A person took a loan of X 40000 at the rate of 10% simple interest per annum to construct a house. After 2 years he gave return ₹20000 to the bank.

At the rate of 10% per annum,

The simple interest of ₹ 40000 in 2 yeras = ₹ \(\frac{40000 \times 10 \times 2}{100}=₹ 8000\)

When the person gave ₹ 20000 to the bank, it will cut ₹ 8000 from ₹ 20000 as interest, and the rest of the money,

i.e. ₹(20000 – 8000) =₹ 12000 will be subtracted from the principal ₹ 40000.

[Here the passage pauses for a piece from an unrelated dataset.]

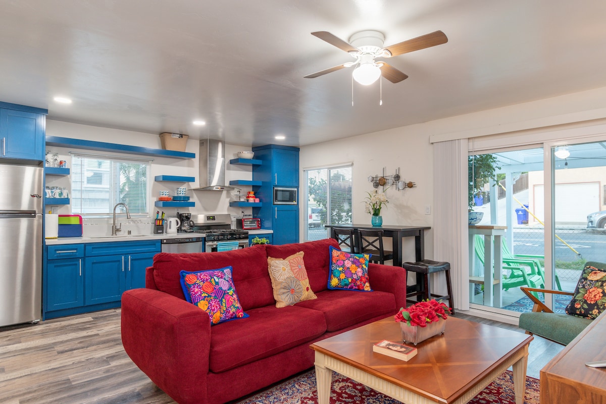 Nasz jasny i wygodny domek z jedną sypialnią/ jedną kąpielą na plaży to idealne miejsce do korzystania z Ocean Beach i San Diego. Komfortowo usytuowany jest trzy przecznice w dół ulicy od plaży z pełną kuchnią, łazienką i prywatnym dziedzińcem. Do dyspozycji Gości jest bezpłatny parking. Podjęliśmy dodatkowe kroki w celu ograniczenia rozprzestrzeniania się wirusa COVID-19 dzięki ulepszonemu głębokiemu sprzątaniu, praniu pościeli podczas cyklu sanitarnego oraz zapewnieniu ściereczek higienicznych dla gości.

Thus, for the next 2 years, the person will have to pay interest on the principal ₹(40000 – 12000) = ₹ 28000.

Now, the simple interest of ₹ 28000 in 2 years at the rate of 10% per annum = \(₹ \frac{28000 \times 10 \times 2}{100}\) = ₹ 5600.

∴ The total amount = ₹ (28000 + 5600) =₹ 33600.

Hence, the person have to pay ₹ 33600 to the bank after more 2 years so as to repay his loan completely.